Your goal — With the pictures left out, copy the listing below exactly.

Supplied material —
------------------------------------

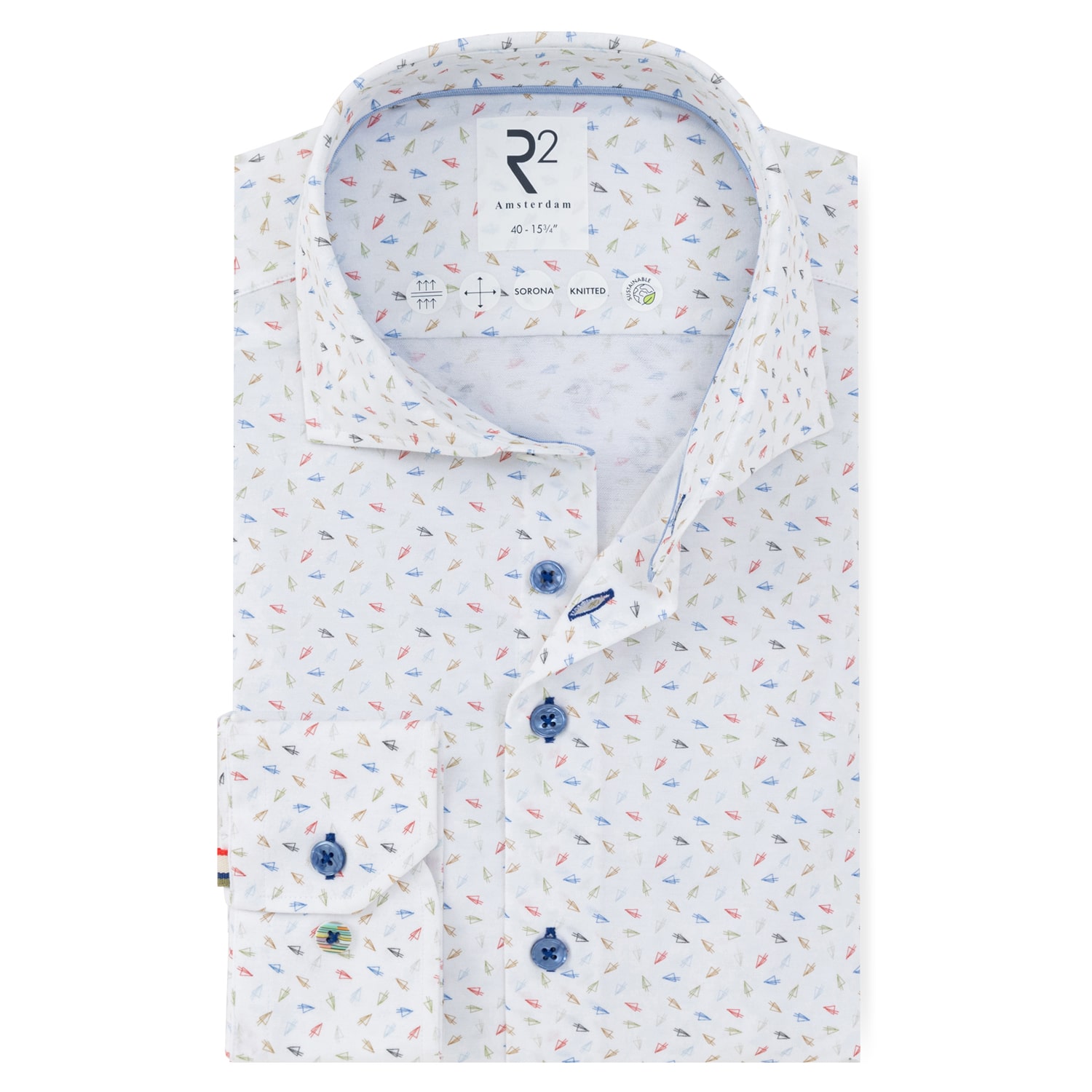 Mønstret skjorte fra hollandske R2 Amsterdam. Lavet i super fleksibel og blød metervare, som gør skjorten enormt komfortabel at have på hele dagen. Ideel sammen med en vest, der giver et cool look.
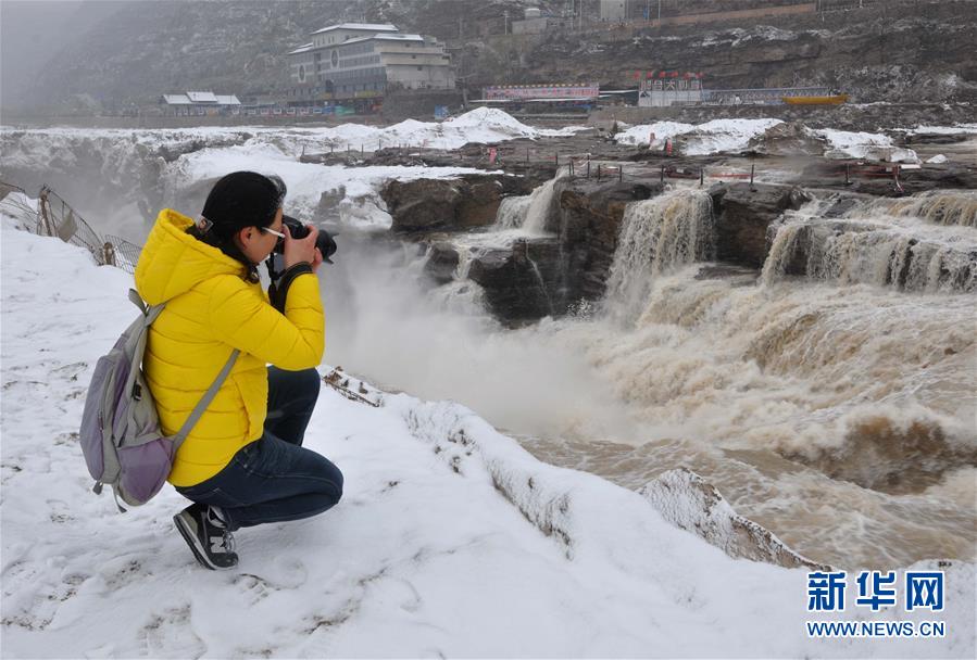 3月9日,一名游客在山西吉縣拍攝飛雪中的黃河壺口瀑布。當(dāng)日,受倒春寒天氣影響,位于山西吉縣和陜西宜川縣交界的黃河壺口瀑布迎來雨雪天氣,奔流的壺口瀑布在白雪的映襯下更顯壯美。新華社發(fā)(呂桂明 攝)
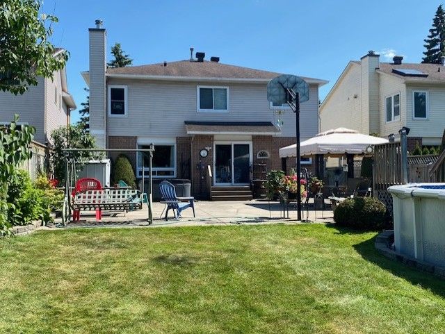 Welcome to this beautiful home and sanctuary ideally situated on an amazing 157' deep lot backing onto the wooded ncc greenbelt with access to a huge network of paths & trails! Lovingly maintained and enjoyed by long time owners this home will wow you the moment you step in to a breathtaking 2 storey entrance foyer flooded with light and a grand staircase! The former model home has a terrific 2439 s. F. 4 bdrm floorplan combining traditional features such as a separate dining rm and for the busy family a large kitchen with an island & breakfast area open to the family rm with a gas fireplace! Also enjoys a spacious ensuite bath and main floor laundry with a side door entry! The backyard provides year round outdoor enjoyment with an above ground swimming pool, gazebo, pretty gardens with perennials & berries and plenty of space for the kids to play and in the winter relax in the steaming hot tub or cross country ski from your backyard! Many great features & updates include... Hardwood flooring in lr, dr & family rms, laminate in kitchen 2023, patio door & windows 2011&2018, skylight 2024, front entry door 2022, roof shingles, gas furnace 2014, a/c 2016, garage doors 2021, driveway 2021, front interlock patio & walkway! The unfinished basement has a games area, large workshop area with built-in shelving, cold storage and plenty of space for storage or future development. This lovely family home represents a wonderful opportunity to live in an established treed & quiet section of bridlewood with no through traffic and close access to the ncc pathways, trans canada trail & parks! Bike or walk for miles... Perhaps bike in the summer to work at the dnd hq carling campus or enjoy a bike ride to the ottawa river! Ideal location with a short walk to a bus stop and hazeldean mall, quick access to the 417 at eagleson & close proximity to schools, shops and amenities! 24 hour irrevocable on all offers.
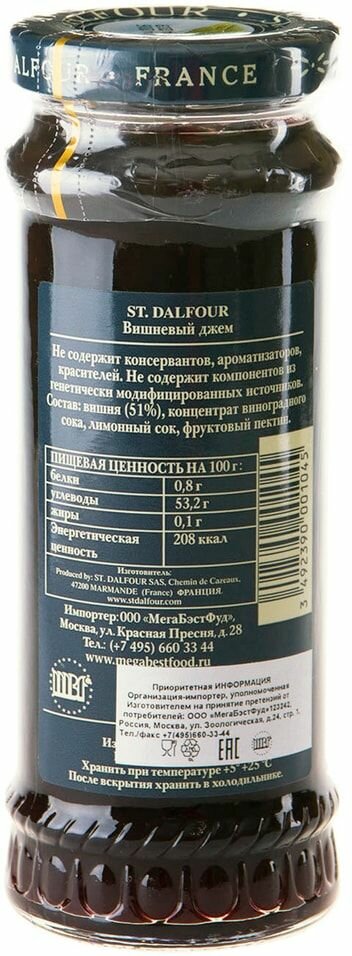 Джем St.Dalfour Вишня 100% фруктов без сахара 284г интересное:

------------------------------------

Exercise response —
 Mønstret skjorte fra hollandske R2 Amsterdam. Lavet i super fleksibel og blød metervare, som gør skjorten enormt komfortabel at have på hele dagen. Ideel sammen med en vest, der giver et cool look.
 3月9日,一名游客在山西吉縣拍攝飛雪中的黃河壺口瀑布。當(dāng)日,受倒春寒天氣影響,位于山西吉縣和陜西宜川縣交界的黃河壺口瀑布迎來雨雪天氣,奔流的壺口瀑布在白雪的映襯下更顯壯美。新華社發(fā)(呂桂明 攝)
 Welcome to this beautiful home and sanctuary ideally situated on an amazing 157' deep lot backing onto the wooded ncc greenbelt with access to a huge network of paths & trails! Lovingly maintained and enjoyed by long time owners this home will wow you the moment you step in to a breathtaking 2 storey entrance foyer flooded with light and a grand staircase! The former model home has a terrific 2439 s. F. 4 bdrm floorplan combining traditional features such as a separate dining rm and for the busy family a large kitchen with an island & breakfast area open to the family rm with a gas fireplace! Also enjoys a spacious ensuite bath and main floor laundry with a side door entry! The backyard provides year round outdoor enjoyment with an above ground swimming pool, gazebo, pretty gardens with perennials & berries and plenty of space for the kids to play and in the winter relax in the steaming hot tub or cross country ski from your backyard! Many great features & updates include... Hardwood flooring in lr, dr & family rms, laminate in kitchen 2023, patio door & windows 2011&2018, skylight 2024, front entry door 2022, roof shingles, gas furnace 2014, a/c 2016, garage doors 2021, driveway 2021, front interlock patio & walkway! The unfinished basement has a games area, large workshop area with built-in shelving, cold storage and plenty of space for storage or future development. This lovely family home represents a wonderful opportunity to live in an established treed & quiet section of bridlewood with no through traffic and close access to the ncc pathways, trans canada trail & parks! Bike or walk for miles... Perhaps bike in the summer to work at the dnd hq carling campus or enjoy a bike ride to the ottawa river! Ideal location with a short walk to a bus stop and hazeldean mall, quick access to the 417 at eagleson & close proximity to schools, shops and amenities! 24 hour irrevocable on all offers.
 Джем St.Dalfour Вишня 100% фруктов без сахара 284г интересное:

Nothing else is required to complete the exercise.